Ну, ин так. Не пишется. Утро вечера мудреней, дайте подумать, завтра утром пошлю, обещаю. Кое-как отпустили А на душе — мерзко. Л. К. Чуковская с недоумением:
— Не понимаю. Игры, в которые играют тигры. Лучше устраниться.
И правда, что за морок? Как мог я им обещать! Да разобраться-то надо? Цепь загадок:
1) как могло случиться, что такую телеграмму вообще доставили? или огрех аппарата — или провокация КГБ.
2) кто такой Луи?
3) «ещё один экземпляр»! а где и кем доставлен первый? (И оба же — не бесплатно! И деньги за мой «Корпус» уже пошли на укрепление Госбезопасности!)
Пока неотклонимо готовится мой залп из пятидесяти «Изложений», узнать о Луи — и сразу находится бывшая зэчка, сидевшая с ним в карагандинском лагере, приносит дивный букет: никакой не Луи, Виталий Левин, сел необучившимся студентом, говорят — что-то с иностранными туристами, в лагере был известным стукачом, после лагеря не только не лишён Москвы, но стал корреспондентом довольно «правых» английских газет, женат на дочери английского богача, свободно ездит за границу, имеет избыток валюты и сказочную дачу в генеральском поселке в Баковке по соседству с Фурцевой. И рукопись Аллилуевой на Запад отвёз — именно он.
Всё ясно. Телеграмма — подлинная (доставлена по просчёту, по чуду), ГБ торгует моим «Корпусом», «Грани» честно предупреждают Твардовского, за это я должен по-советски облить их грязью, а ГБ пусть и дальше торгует моей душой, она — власть, она — наша, она — имеет право.
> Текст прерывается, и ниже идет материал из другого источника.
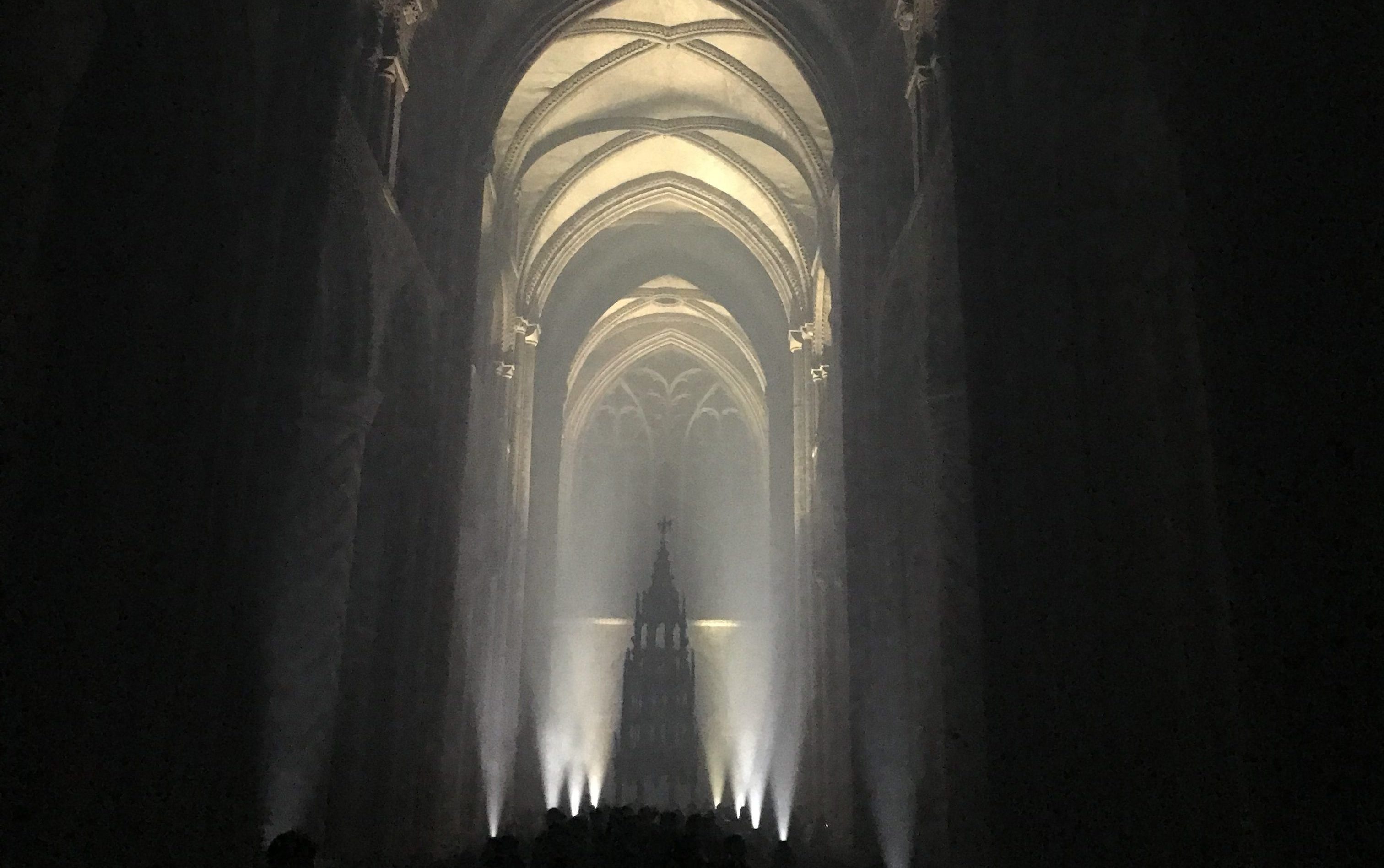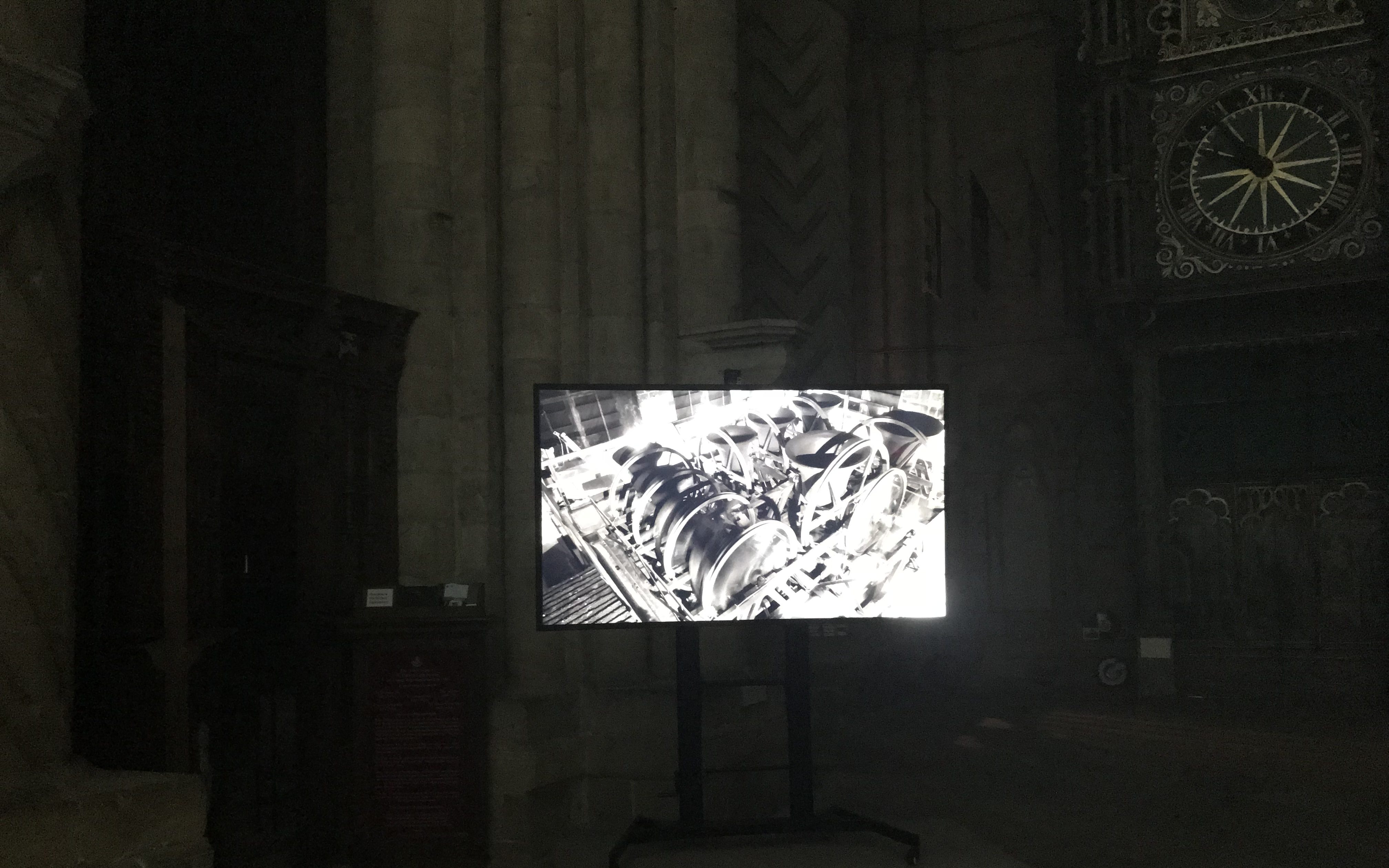 As each bell is rang a different area of the cathedral will be lit up creating a light show that will move in time with the bellringers. ArtAV have installed a camera and six HD screens at the top of the bell tower, the screens are used by the bell ringers to read the score and show them which areas of the cathedral are being lit up. The Camera live streams the bell ringers, in action within the main cathedral on to two 84” panasonic screens so the viewers can see the full performance.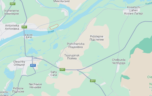 昨日乌军一支步兵分队在普里德尼普罗夫斯克定居点(下图虚线框处)以南登陆,在波伊马(Poima)和佩斯恰夫卡( Peschanivka)方向形成了另一个桥头堡。乌军在第聂伯河左岸的力量进一步扩大。

И полдюжины редакционных новомирских лбов полдюжины дней хохлятся в кабинетах, изливают друг другу, какой я негодяй, что скрываюсь от редакции, во всем угодливо кивают Главному, а он топочет на меня ногами, и угодничает перед Демичевым, и изнывает от страха за «Новый мир» — и ни один не вчитается в телеграмму, и ни один не позвонит на телеграф: да подлинная ли телеграмма? не поинтересуется: существует ли такой Луи? в какой стране? кто он и что?
Вот это и есть советское воспитание — верноподданное баранство, гибрид угодливости и трусости, только бы дать отпор — по направлению, где не опасно!.. Просто смешно, что накануне я мог обморочиться и заколебаться.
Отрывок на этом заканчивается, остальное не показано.